Exercise requirements:
Nothing but the lines from the one with "Fig. 18. Preserved" through the end of the records may appear in the answer, each reproduced exactly, pictures omitted.
------ The records ------
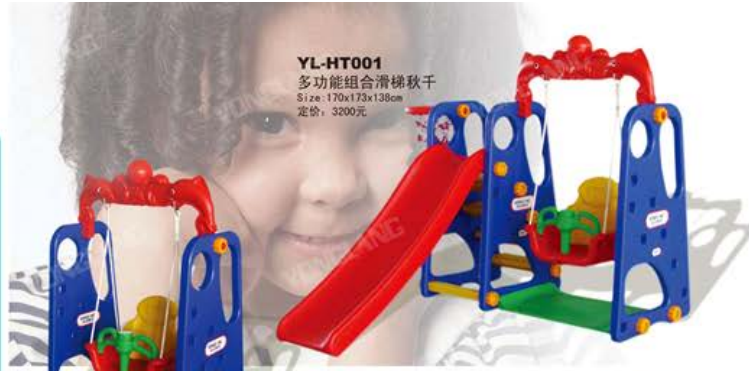
YL-HT001 多功能组合滑梯秋千 Size: 170x173x138cm 定价: 3200元
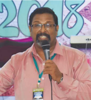
മോട്ടിവേഷൻ : സുനിൽ ഡി. കുറുവിള
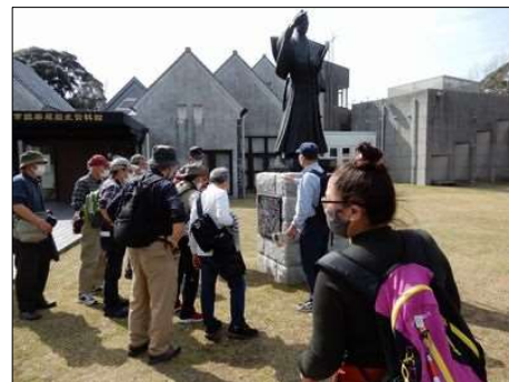
3238 岩瀬忠震の偉業を説明
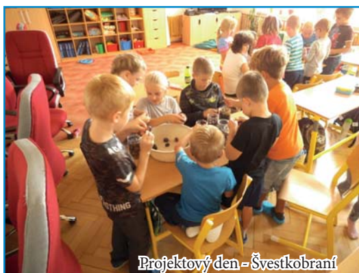
Projektový den - Švestkobraní
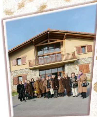
Visita a Derio - 2010
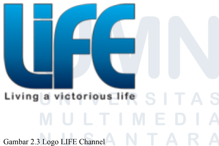
Gambar 2.3 Logo LIFE Channel

Dengan konsep One Stop Entertainment , MNC Channels berkomitmen untuk menjadi pilihan utama keluarga dalam menikmati tayangan televisi yang menghibur dan bermanfaat.
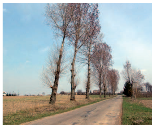
Ryc. 19. Pozostałości drzewostanu po modernizacji drogi Lublin-Łęczna, woj. lubelskie (2006)

Fig. 18. Preserved fragment of the chestnut trees alley between the church and cemetery in Trójca, świętokrzyskie voivodeship (2011)
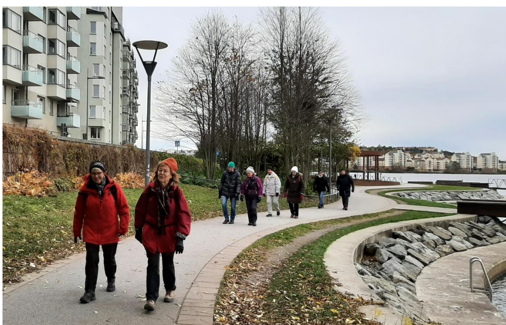
Hornsbergs strandpark har fått en vackert svängd stenläggning.
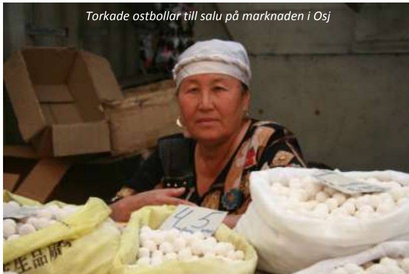
Torkade ostbollar till salu på marknaden i Osj

På förmiddagen gör vi en stadsrundtur i Osj. Stadens marknad, Jayma Bazaar, är en av Centralasiens bästa och största marknader. Som alltid är det härligt skådespel som väntar när vi går runt i de vindlande gränderna och ser allt som säljs; från dynor man använder till att göra mönster på bröd med till renoverade, gamla sovjetiska symaskiner i nyskick! Vi besöker också Kirgizistans enda världsarv, den 175 meter höga kullen Suleyman Too, även kallad
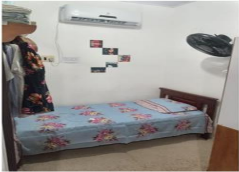
Figura 6: Dormitórios com capacidade para três acadêmicos
------
Answer for this exercise:
Fig. 18. Preserved fragment of the chestnut trees alley between the church and cemetery in Trójca, świętokrzyskie voivodeship (2011)
Hornsbergs strandpark har fått en vackert svängd stenläggning.
Torkade ostbollar till salu på marknaden i Osj

På förmiddagen gör vi en stadsrundtur i Osj. Stadens marknad, Jayma Bazaar, är en av Centralasiens bästa och största marknader. Som alltid är det härligt skådespel som väntar när vi går runt i de vindlande gränderna och ser allt som säljs; från dynor man använder till att göra mönster på bröd med till renoverade, gamla sovjetiska symaskiner i nyskick! Vi besöker också Kirgizistans enda världsarv, den 175 meter höga kullen Suleyman Too, även kallad
Figura 6: Dormitórios com capacidade para três acadêmicos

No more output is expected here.